Washington — A breast implant scandal in France has rekindled a push to create a U.S national registry to track patients who have received the devices, Reuters reports.
A registry would provide information on the number of implant complications — such as rupture or infection — that occur over time.
The scandal involved French company Poly Implant Prothese (PIP), which used industrial grade instead of medical grade silicone to make implants that were surgically placed in some 300,000 women worldwide. The French government has advised the 30,000 women in France who received the implants to have them removed, while governments in several other countries — the U.K. and Brazil among them — have issued advisories that women visit their doctors for checks.
Reuters quotes Diana Zuckerman, president of the National Research Center for Women & Families, as saying, “If we had had registries, we would have known years ago if it’s true that PIP implants break sooner. We would have known if Mentor ones break sooner or later than Allergan’s,” she added, referring to the two largest makers of the devices.

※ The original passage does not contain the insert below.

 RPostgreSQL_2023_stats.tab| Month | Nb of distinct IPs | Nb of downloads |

Since allowing silicone implants back on the market in 2006 after banning them 14 years earlier, the Food and Drug Administration has relied on company-funded efforts to track implant safety. The agency’s approval for Allergan and Johnson & Johnson’s Mentor unit to again market silicone implants in the United States was conditional on the companies each following 40,000 women who received the implants for 10 years, as well as extending smaller preapproval studies.
As of August, Allergan said it had only collected two-year data for 60 percent of participants, while Mentor only had three-year data for 21 percent, Reuters reports.

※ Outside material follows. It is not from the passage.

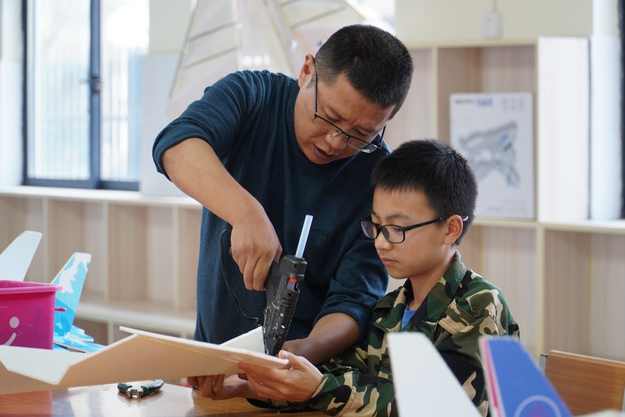 A student makes model airplanes with the help of his teacher at Furong school in Sangzhi County, central China's Hunan Province, Nov. 11, 2022. (Xinhua/Zhang Ge)

Consumer and patient groups have criticized the two companies for failing to meet the goals and have asked the FDA to revoke Mentor’s marketing approval and to force Allergan to conduct further studies.

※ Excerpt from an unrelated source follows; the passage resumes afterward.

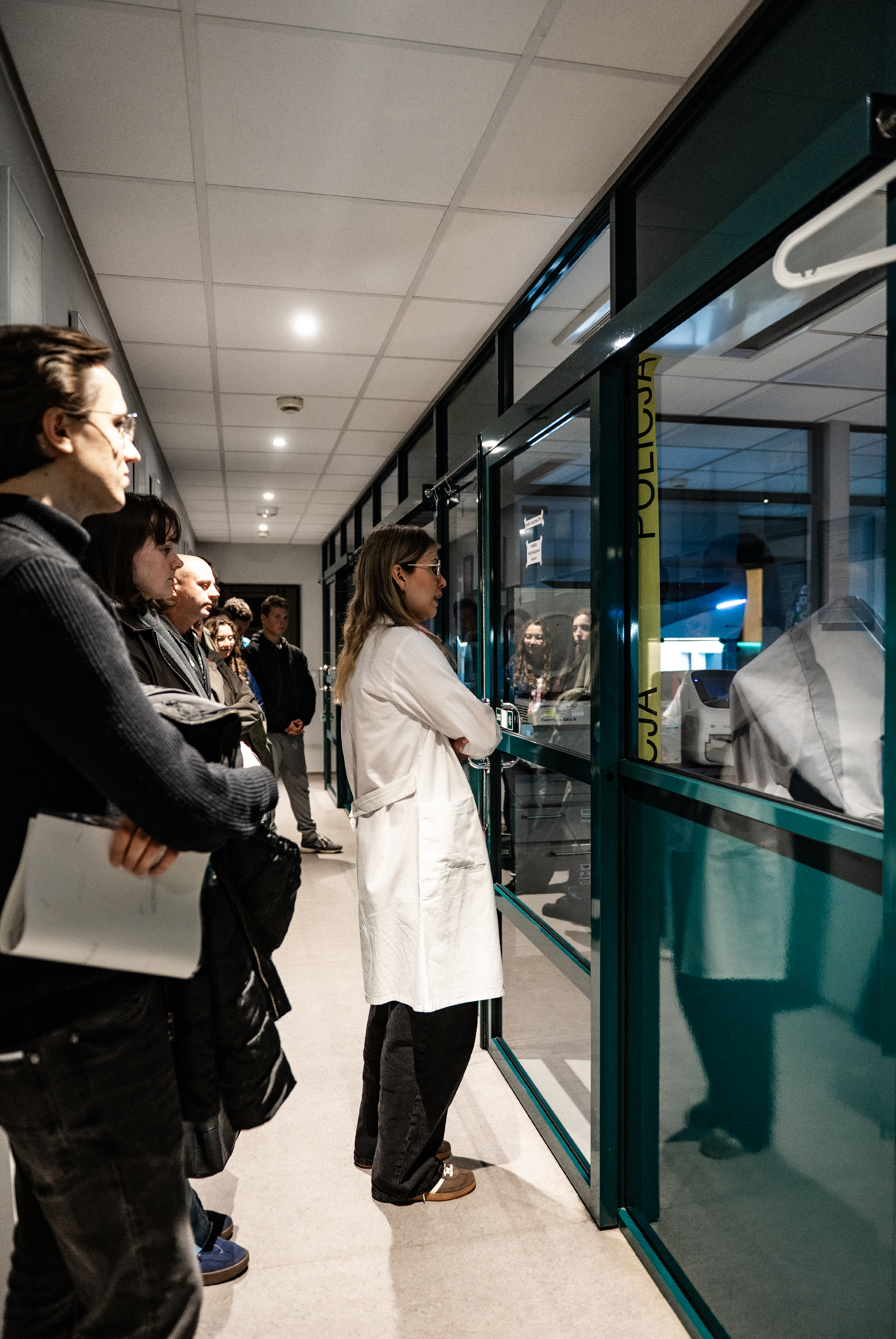 Na bazie tego fikcyjnego scenariusza zwiedzający zapoznali się z rodzajami śladów, jakie znaleźć można na miejscu przestępstwa oraz ze sposobami ich ujawniania, zabezpieczania i późniejszej analizy laboratoryjnej.

Mentor and Allergan both expressed support for a registry at an FDA meeting in August. But the companies, physicians and regulators have so far failed to reach an agreement over who would pay for the registry, how information would remain private and whether participation would be mandatory.
Reuters reports that so far, the companies’ studies have found similar rates of complications such as rupture and hardening of the devices, and no apparent link between silicone implants and connective tissue disease, breast cancer or reproductive problems. The FDA says the low level of patient participation renders these findings inconclusive.